Radiology of the Pancreas

 

 


Clinical Sx:
Recurrent abdominal pain since childhood or infancy, possibly precipitated by meals, lasting two to seven days. Attacks can occur every few weeks to every few years. Pain starts epigastric, but later involves the entire abdomen and radiates to the back. Severity and frequency of attacks improves with age.

Etiology/Pathophysiology: First described in 1952, autosomal dominant gene with incomplete penetrance. Males and females equally affected with all reported cases in caucasians. Etiology is unknown, but many patients have congenital malformations of the ductal system or sphincter of Oddi. It has been linked with hyperthyroidism, hyperlipoproteinemia, and aminoaciduria. Grossly, the pancreas resembles that seen in cystic fibrosis: induration, ductal dilation, fibrosis, preservation of islet cells.

Pathology:
As above.

Miscellaneous:
Diagnosis requires history of recurrent abdominal pain in at least three relatives.
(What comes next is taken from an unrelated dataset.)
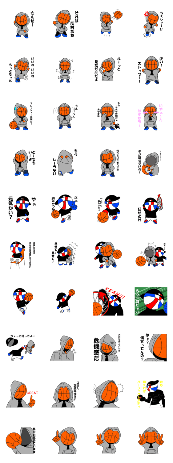 顔はボール。中身は熱いバスケット魂でできているバスケットボールマンのスタンプ第1弾です。

Course of the disease can be relatively benign if well treated, although there is reported 20-40% risk of pancreatic carcinoma in these patients. Increased risk of portal and splenic vein thrombosis.

Imaging:
similar to that or nonhereditary pancreatitis, with the exception that 50% eventually develop pseudocysts and over 50% get pancreatic calcifications and duct calculi, some as early as the second decade. pancreatic calcifications are larger and more rounded than in other conditions such as CF.

acute pancreatitis findings on US include hypoechogenicity, ductal dilatation, fluid collections, hemorrhage, ascites, and enlarged and ill-defined pancreas. CT findings include the above as well as lack of enhancement when necrosis is present. ERCP shows irregular ductal dilatation and beading.

chronic pancreatitis may show calcifications, atrophy, fibrosis, ductal dilatation, and biliary stricture, as well as any sequellae from pseudocysts.